→ **EXERCISE AIM**
Nothing outside the range is to be copied. From the entries below, reproduce exactly the lines starting at the one with "For Lenovo Tab" and ending at the one with "14K Yellow Gold", without pictures.

→ **DATASET ENTRIES**
Content starts

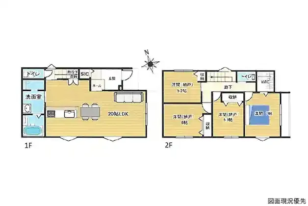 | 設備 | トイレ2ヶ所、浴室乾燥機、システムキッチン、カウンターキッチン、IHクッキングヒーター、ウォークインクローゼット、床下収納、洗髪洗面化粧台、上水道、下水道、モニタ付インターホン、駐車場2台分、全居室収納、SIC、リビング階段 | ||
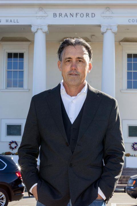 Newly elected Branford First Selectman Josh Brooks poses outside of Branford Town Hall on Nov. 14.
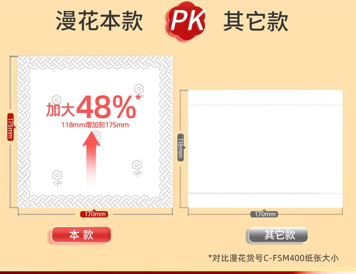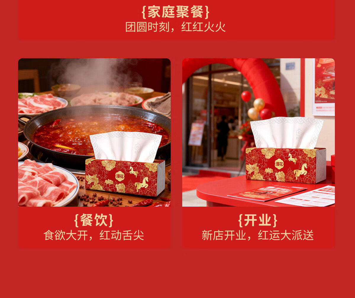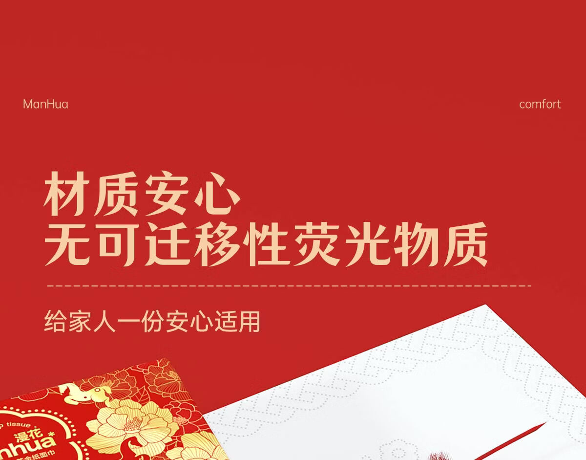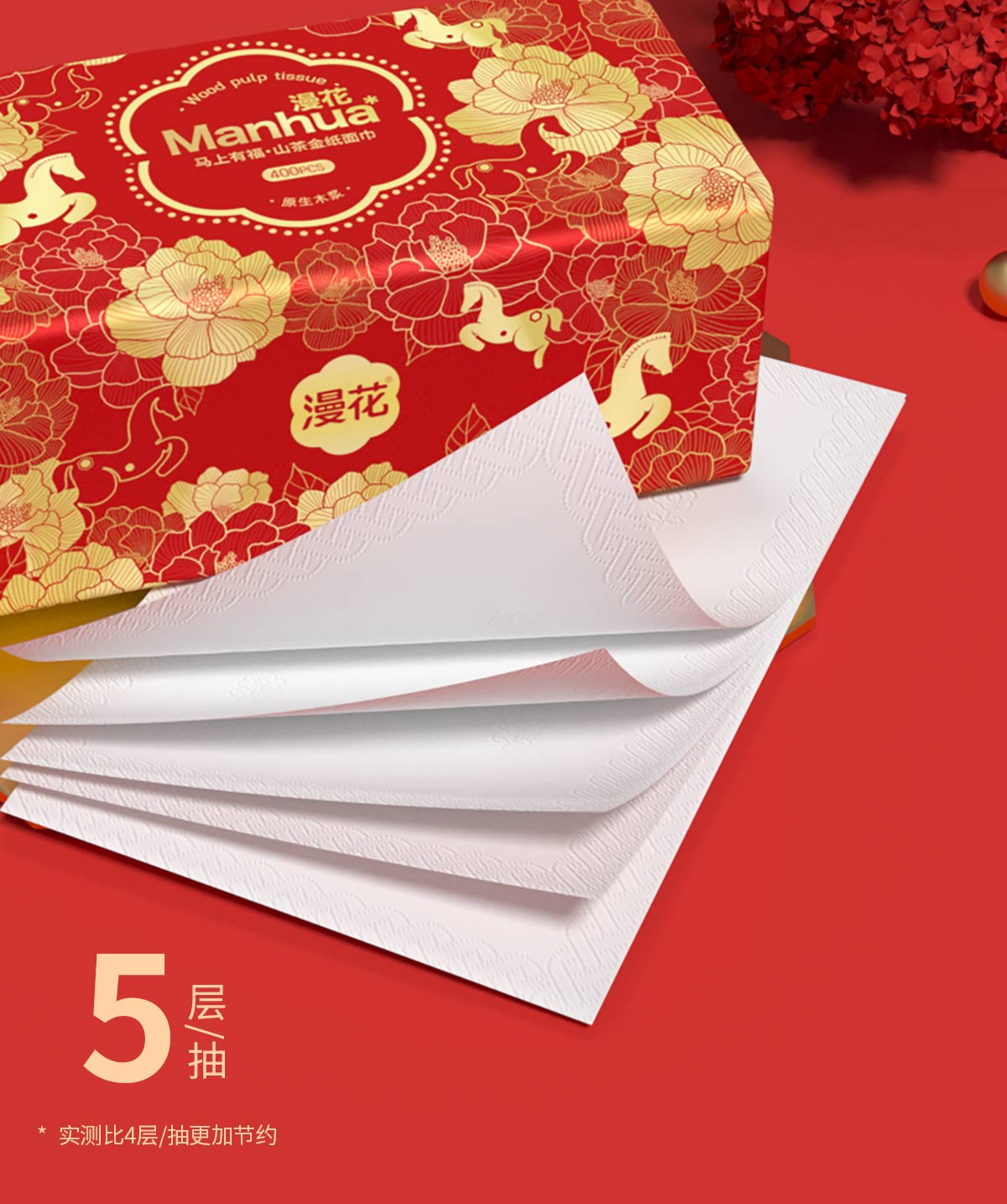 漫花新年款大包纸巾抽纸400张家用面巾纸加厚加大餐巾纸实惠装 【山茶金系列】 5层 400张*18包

Content ends
Content starts

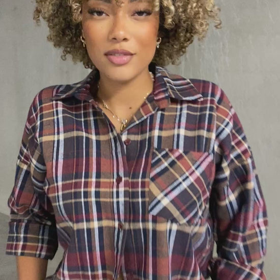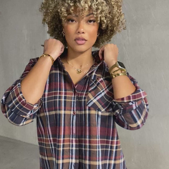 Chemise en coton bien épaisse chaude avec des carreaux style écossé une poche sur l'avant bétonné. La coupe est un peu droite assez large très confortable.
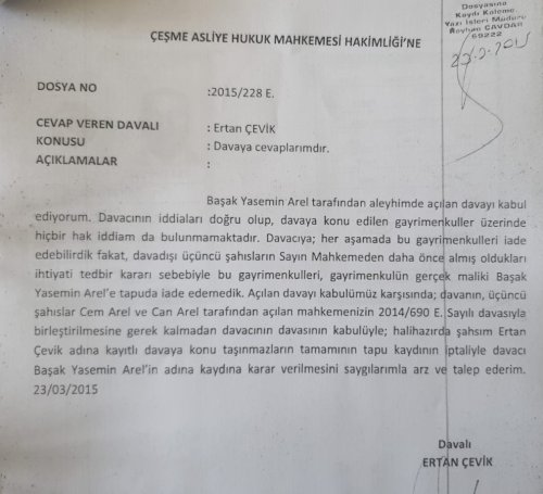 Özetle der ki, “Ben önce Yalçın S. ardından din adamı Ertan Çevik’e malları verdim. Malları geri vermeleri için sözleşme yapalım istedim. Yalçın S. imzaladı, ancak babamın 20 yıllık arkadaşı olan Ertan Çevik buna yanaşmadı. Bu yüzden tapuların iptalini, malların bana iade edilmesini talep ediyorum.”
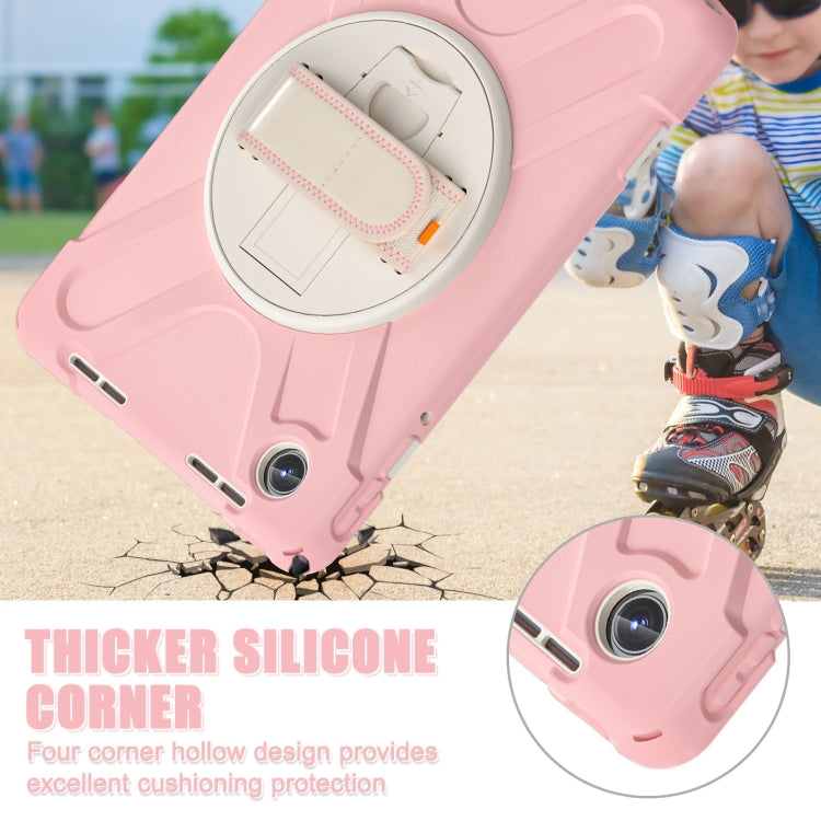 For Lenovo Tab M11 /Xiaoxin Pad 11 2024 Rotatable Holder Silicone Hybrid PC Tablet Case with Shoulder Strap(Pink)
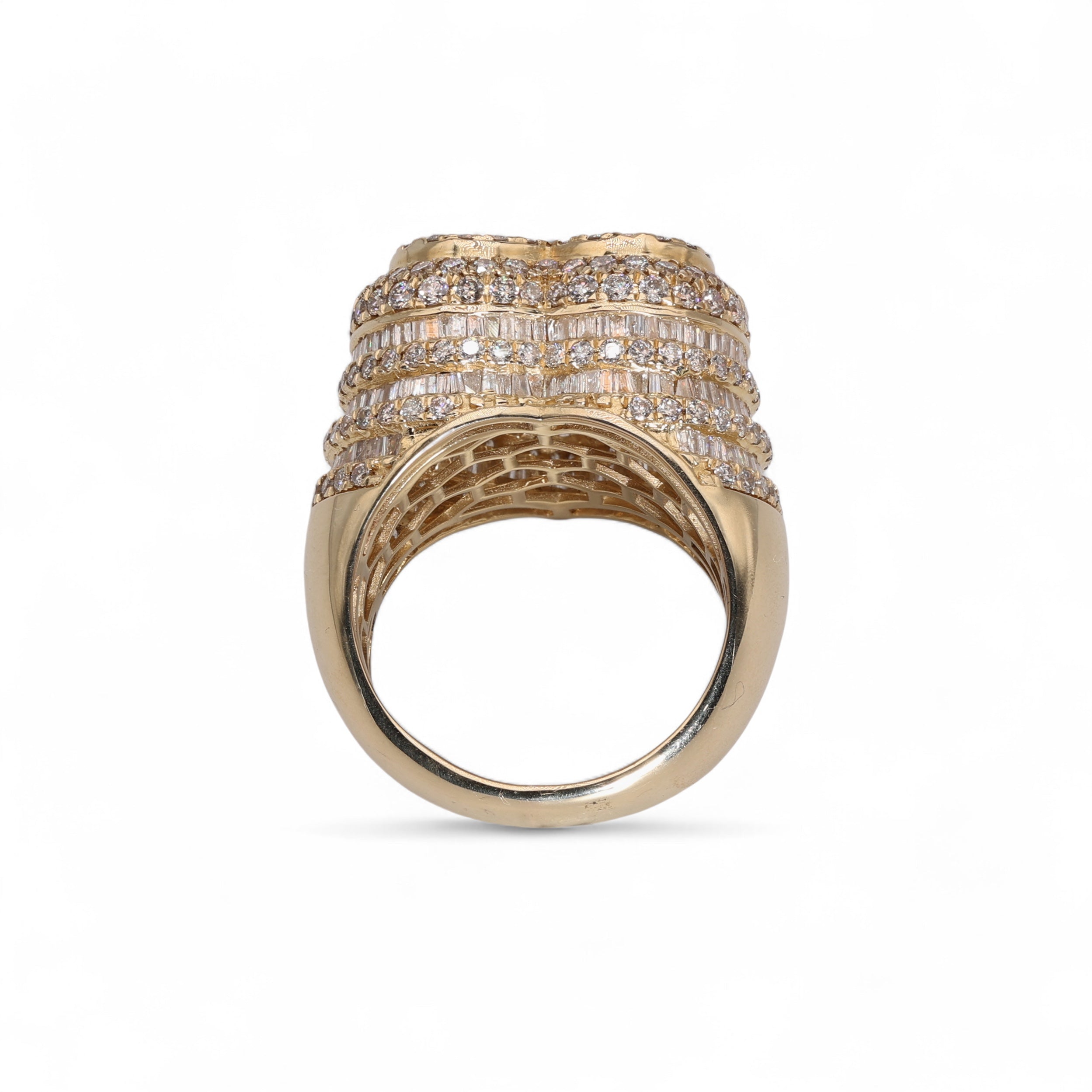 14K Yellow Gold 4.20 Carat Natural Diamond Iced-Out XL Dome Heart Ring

Content ends

→ **EXERCISE OUTPUT**
 For Lenovo Tab M11 /Xiaoxin Pad 11 2024 Rotatable Holder Silicone Hybrid PC Tablet Case with Shoulder Strap(Pink)
 14K Yellow Gold 4.20 Carat Natural Diamond Iced-Out XL Dome Heart Ring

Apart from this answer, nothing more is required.